Sunday, October 14, 2012

A Break in Routine

Six months have passed. The days blur into one long routine. I still think my father will walk through the bunkhouse door, his broad shoulders filling the space. He was my protector, my defender. I knew, when I wrapped my fingers around his hand, that nothing could hurt me. Last I saw him, I stood just past his waist. I wonder how tall I’ve gotten here. I wonder, if I stood next to him, if I would stand closer to his shoulders. I want to see him at my door, proclaiming with his big grin that today we will throw out our plans.

I remember one day he announced we were going to a farmer’s market. A wagon train had come in from Amphitrite to sell goods. I remember the wagons. They were taller than my father. I had to strain my neck to see. Makeshift tables lined the streets, the colors of their produce bright against the wood buildings. I only remember bits and pieces, but I remember the colors the most; green apples and orange vegetables, red tomatoes bigger than my fist and corn practically sparkled against the sun. The entire town was out. At some point, someone decided to play their fiddle. I clapped my hands amongst the crowd building.

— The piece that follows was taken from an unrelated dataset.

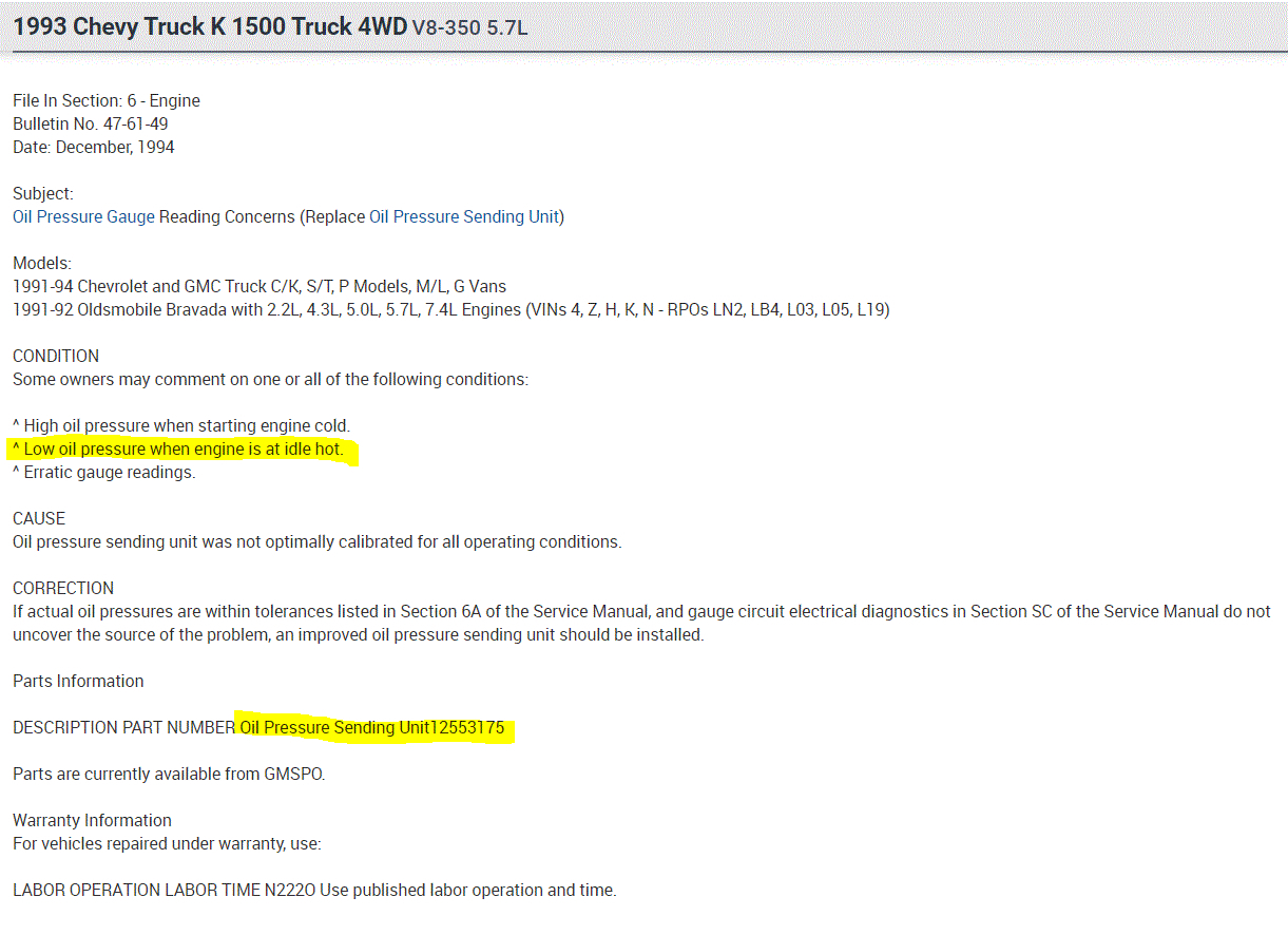 On the other hand, if the mechanical pressure gauge indicates 0 psi, then there are likely internal issues such as worn main bearings, a possible plugged oil pick-up tube, or even a bad oil pump. I have even seen a plugged oil filter cause such issues.

I remember being disappointed when we left early. My father was mad at something. I don’t remember, but maybe I had wandered off for a time? Anyway, I wish he would come through the door. His smile would take away the gloom, I know. I hope on many nights that he survived, that he’ll come to save me. Then I remember the heat of the flames. He couldn’t save me that night. He was big and tough but couldn’t stop them.

There are no farmer’s markets here. There are no reasons to break from the routine. Rise at dawn, run the camp’s perimeter, eat breakfast, conduct daily chores, attend education class, eat lunch, run the obstacle course, attend weaponry class, combat training, eat dinner, participate in competitions, honorary buttons awarded, go to bed, start again. Tomorrow it changes. General Scopas is visiting. I can feel the vibration from the officers. They are planning big showcases.

I know I will be part of the festivities. The general will want to see my progress. Zeno has spent the day sharpening his swords and polishing his shoes. He cares more about the visit than I. General Scopas is not the farmer’s market. I don’t think he is exciting at all. But, something inside makes me want to please him. Maybe I should polish my shoes and patch the holes in my uniform. Maybe he is the key to leaving. I don’t care if he takes me to the battlefield. I can easily go home from there. Yes. I will show him how great of a solider I am. I will show him that I deserve to leave. Goodnight for now, my friend. There is a lot to prepare.